## EXERCISE GOAL:
The required output is the stretch from the line containing "I wanted to" through the line containing "- einerseits die" in the records below, unaltered and with no pictures.
*** Opening WORKING DATA ***
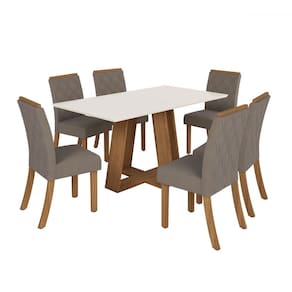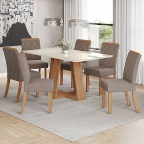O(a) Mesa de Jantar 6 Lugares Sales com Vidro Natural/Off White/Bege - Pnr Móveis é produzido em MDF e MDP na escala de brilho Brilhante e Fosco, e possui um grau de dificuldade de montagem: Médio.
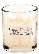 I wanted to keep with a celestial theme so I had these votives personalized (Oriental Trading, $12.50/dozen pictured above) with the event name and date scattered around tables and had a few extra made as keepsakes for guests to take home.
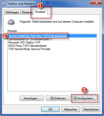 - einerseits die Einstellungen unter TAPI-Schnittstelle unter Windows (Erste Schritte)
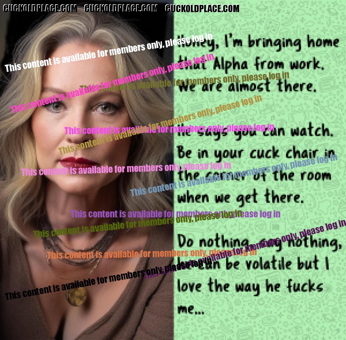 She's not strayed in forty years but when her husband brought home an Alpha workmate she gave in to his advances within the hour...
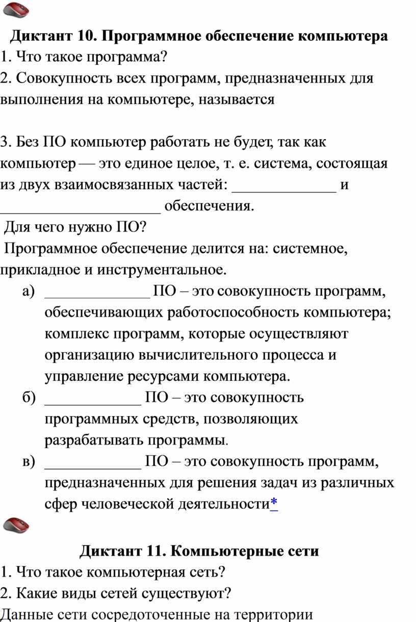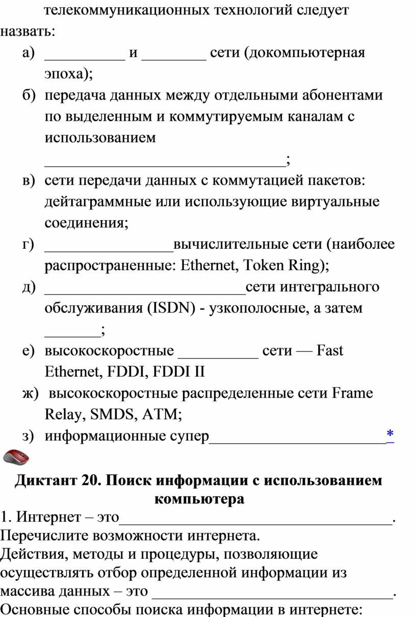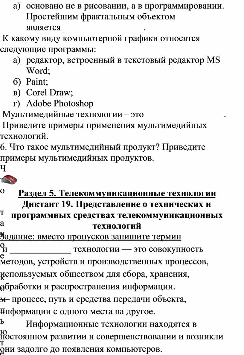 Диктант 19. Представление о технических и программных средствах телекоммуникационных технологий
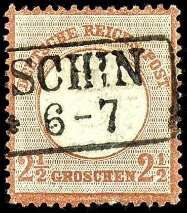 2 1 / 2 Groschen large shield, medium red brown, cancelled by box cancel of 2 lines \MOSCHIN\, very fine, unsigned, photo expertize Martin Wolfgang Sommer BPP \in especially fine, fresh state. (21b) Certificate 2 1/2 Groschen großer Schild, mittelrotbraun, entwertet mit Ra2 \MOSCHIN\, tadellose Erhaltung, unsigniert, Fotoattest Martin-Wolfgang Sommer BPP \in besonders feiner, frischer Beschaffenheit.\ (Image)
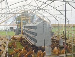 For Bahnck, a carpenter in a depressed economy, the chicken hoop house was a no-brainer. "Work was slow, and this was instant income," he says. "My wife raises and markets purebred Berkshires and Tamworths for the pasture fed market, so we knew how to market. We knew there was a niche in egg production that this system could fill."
*** Closing WORKING DATA ***
## TASK RESULT:
 I wanted to keep with a celestial theme so I had these votives personalized (Oriental Trading, $12.50/dozen pictured above) with the event name and date scattered around tables and had a few extra made as keepsakes for guests to take home.
 - einerseits die Einstellungen unter TAPI-Schnittstelle unter Windows (Erste Schritte)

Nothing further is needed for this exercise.